Shute Barrington - Life

Life

He was born at Beckett Hall in Shrivenham in Berkshire (now Oxfordshire), the home of his father, John Shute Barrington, 1st Viscount Barrington and educated at Eton College and Merton College, Oxford.

In 1761 he was a made a canon of Christ Church, Oxford and in 1768 a canon of St Paul's from where he moved to be a canon at St George's Chapel, Windsor. In 1769 he was elevated to the episcopy as Bishop of Llandaff and in 1782 was translated to be Bishop of Salisbury and again in 1791 to be Bishop of Durham.

He was a vigorous Protestant, though willing to grant Roman Catholics "every degree of toleration short of political power and establishment." He published several volumes of sermons and tracts, and wrote the political life of his elder brother, William Wildman Shute Barrington. From 1805 to 1826 he was the Visitor of Balliol College, Oxford and in 1806 backed the then Master, John Parsons, in opening the Fellowships to competition.

He married firstly, on 2 February 1761, Lady Diana Beauclerk (c. 1735-28 March 1766), daughter of Charles Beauclerk, 2nd Duke of St Albans. His wife died in childbirth, the child stillborn. He married secondly, on 20 June 1770, Jane Guise (d. 8 August 1807), daughter of Sir John Guise, but had no children. He died in Soho in Middlesex (now Greater London). He is buried at St John the Baptist's Church, near his home at Mongewell Park, close to Wallingford, Oxfordshire.

Barrington was a notable patron of education in the diocese of Durham and one Barrington School still exists today in Bishop Auckland. To mark his fiftieth year in the prelacy the diocese of Durham built the Clergy Jubilee School in Newcastle and arranged that Dame Allan's Schools should be housed there.
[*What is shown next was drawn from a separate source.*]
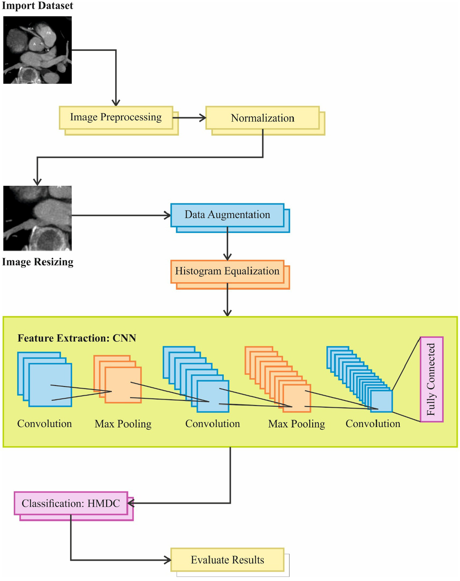 Overview of the image processing pipeline used in the study, including steps such as dataset import, image resizing, preprocessing, and normalization. The pipeline incorporates feature extraction using CNN, data augmentation, convolution with max pooling, and classification through HMDC, followed by evaluation of results and fully connected layers for final output.

One notably uncharacteristic event in Barrington's life was his dispatch of troops on 1 January, 1812 to break up a miners' strike at collieries owned by the Dean & chapter of Durham Cathedral in nearby Chester-le-Street. At this time (and up until 1836), the "Prince" Bishops of Durham still held vice-regal powers in the North of England, which included the maintenance of a small private army, garrisoned in Durham Castle.